PARALLEL AND ADAPTIVE UNIFORM-DISTRIBUTED REGISTRATION METHOD FOR CHANG’E-1 LUNAR REMOTE SENSED IMAGERY
- Institute of Photogrammetry and Remote Sensing, Chinese Academy Surveying and Mapping, 28 Lianhuachi West Road, Beijing, China
Keywords: Chang’E-1, registration, SIFT, parallel calculation, uniform distribution
Abstract. On the October 24th 2007, China launched its first Lunar Probe Satellite "Chang'E I". After the 494 days travelling, the probe vehicle landed accurately at its predetermined landing site on the moon at 52.36 degrees east longitude and 1.5 degrees south latitude. It sent back the first imagery of the lunar surface on 26 November 2007 and accomplished all the scheduled scientific tasks successfully. As the first lunar Probe Satellite, the major goal of Chang'E I mission is to obtain three-dimensional images of the landforms and geological structures of the lunar surface, so as to provide a reference for planned future soft landings. However, due to the dramatic change of the radiation information of the CE-1imagery, the traditional methods that are based on the gray and line characters show the limitation achieving a satisfied result. Moreover, the registration processing between lunar images that cover the whole moon has proved to be very time-consuming.
To resolve the above-mentioned registration difficulties, a parallel and adaptive uniform-distributed registration method for CE-1 lunar remote sensed imagery is proposed in this paper.
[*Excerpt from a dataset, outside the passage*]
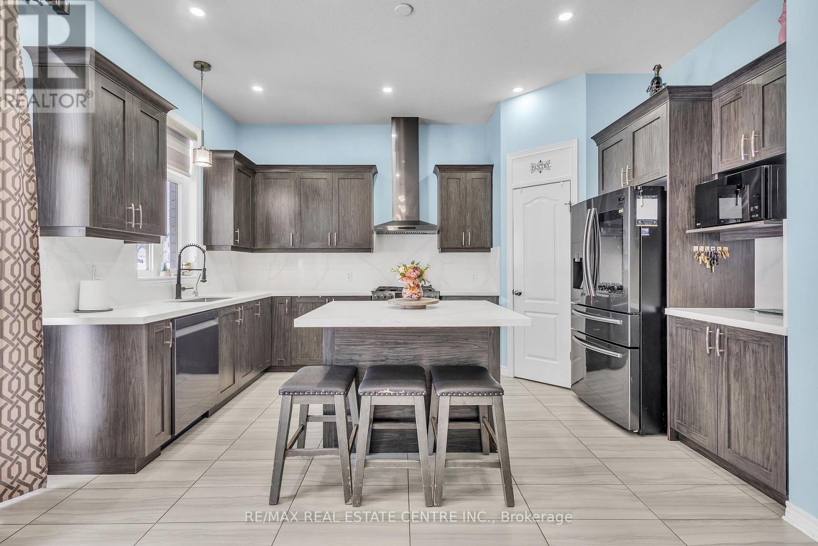 Welcome to 438 Blair Creek Drive, Doon South - an extensively upgraded home offering approx. 3,148 sq. ft. of finished living space. The main level features 10-ft ceilings, new luxury vinyl flooring, and a striking two-sided gas fireplace serving the living and dining areas, creating a warm focal point within the open-concept layout. The chef's kitchen showcases quartz countertops, gas range, pantry, designer backsplash, and modern finishes. A rare main-floor bedroom with a full bath provides excellent flexibility for guests or multi-generational living.The upper level offers 9-ft ceilings, spacious bedrooms, and two primary suites-one with a walk-in closet and spa-inspired ensuite, and the second with his-and-her closets and private bath. The approx. 1,459 sq. ft. unfinished basement with 9-ft ceilings and bathroom rough-in presents excellent future potential. 200-amp electrical service supports modern living needs.Additional highlights include a double-wide extended driveway, epoxy-finished double-car garage, and a 35' x 15' aluminum-covered patio with concrete base, ideal for year-round entertaining. The private backyard backs onto the Doon South walking trail with mature cedar trees for added privacy. Conveniently located minutes to Hwy 401, major shopping, parks, and schools. (id:64974)

Based on 6 pairs of randomly selected images, both the standard SIFT algorithm and the parallel and adaptive uniform-distributed registration method were executed, the versatility and effectiveness were assessed. The experimental results indicate that: by applying the parallel and adaptive uniform-distributed registration method, the efficiency of CE-1 lunar remote sensed imagery registration were increased dramatically. Therefore, the proposed method in the paper could acquire uniform-distributed registration results more effectively, the registration difficulties including difficult to obtain results, time-consuming, non-uniform distribution could be successfully solved.